Is anyone listening in Commercial Radio land?

Recent events at GCap typify the problems that seem endemic in the UK Commercial radio business - hardly an industry! Is anyone listening?

First, they remove their commercial director, responsible for reducing advertising volumes (a positive anti-clutter advertiser friendly move) whilst failing to invest in the programme content that appeals to listeners.

They then second install a new CEO who promptly announces an updated middle of the road programme policy for Capital Radio in London when there are already other MOR stations doing the business for the listeners; you can down load what you want anyway and there's no evidence of advertisers queuing up with any money for more of the same.

Finally they seem devoid of any initiative that will update and broaden the appeal among those ABC1 45+ audiences (the equivalent of the US Baby Boomers and the "Unilever Dove" audience strategy) who the advertisers want and for whom a premium radio price is a discount on most other media prices.

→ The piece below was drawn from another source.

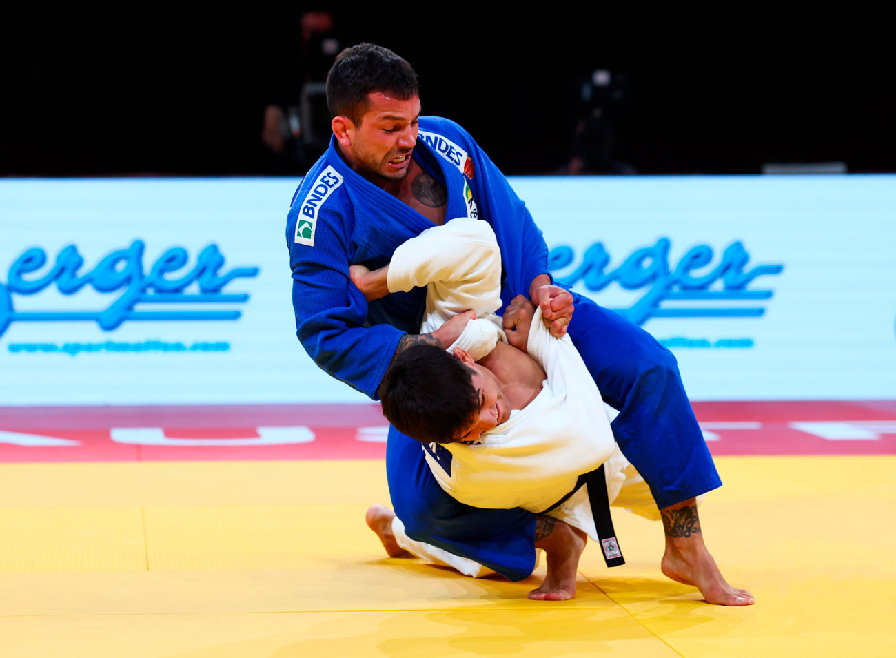 Daniel Cargnin (BRA) enfrenta Guilherme de Oliveira (BRA) na disputa do bronze do peso leve masculino (73kg) no Grand Prix de Linz © Gabriela Sabau / FIJ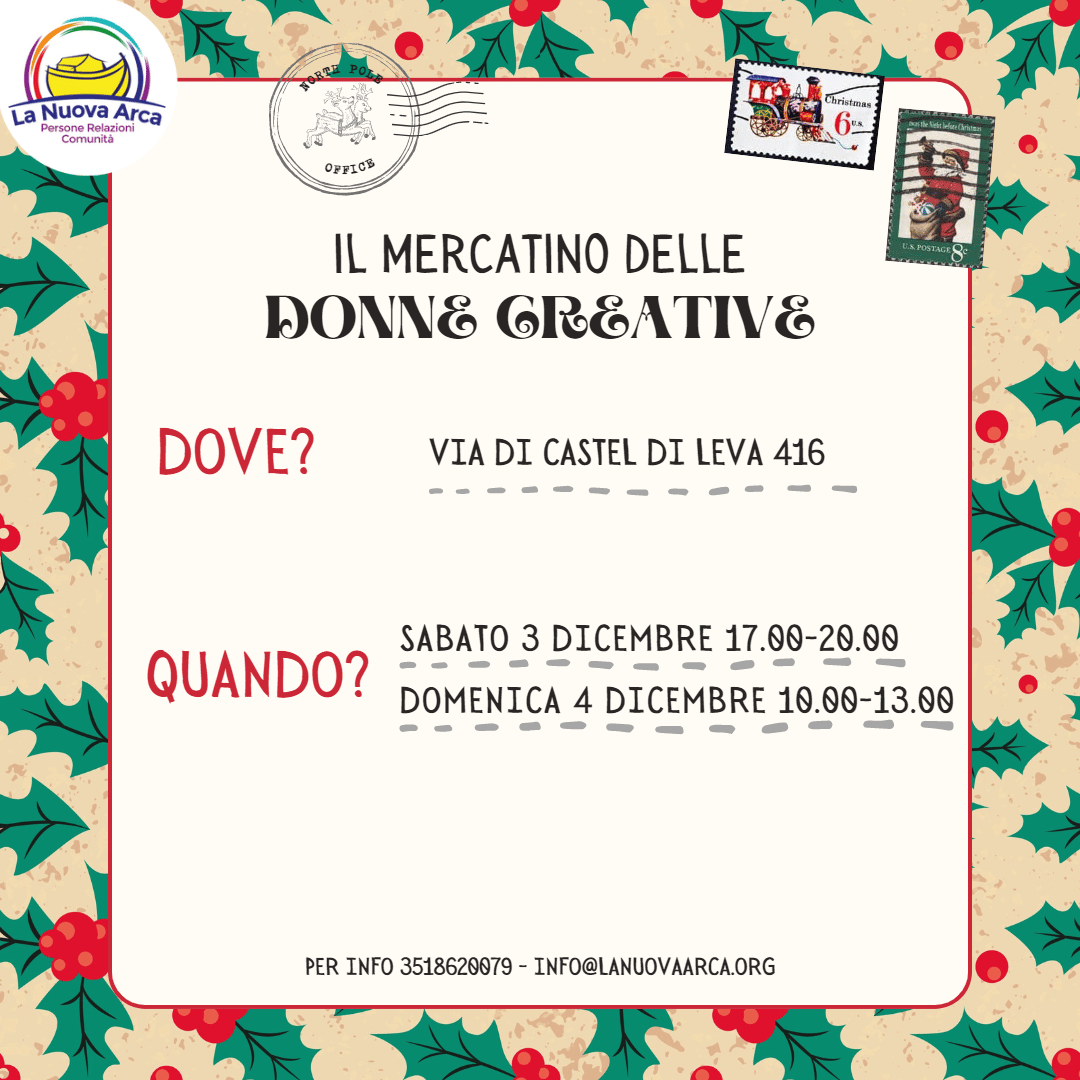 Domenica 4 Dicembre dalle 10.00 alle 13.00, presso la sede de La Nuova Arca in Via di Castel di Leva 416.

Numis Securities latest assessment of GCap - from a business perspective- goes right to the heart of the matter. I quote directly

"(Numis) are broadly supportive of the group's decision to invest £2.6m on marketing investment behind its core brands like Capital Radio. However, the decision to invest the balance of the savings in areas such as a digital-only Jazz station, speculative on line initiatives and attempts to market CDs, magazines and concert tickets to listeners does not appear to us to be an appropriate targeting of the group's resources.
We would like to see GCap focus on restoring its core brands to industry-standard levels of profitability rather than embarking on investment in new brands and ancillary revenues"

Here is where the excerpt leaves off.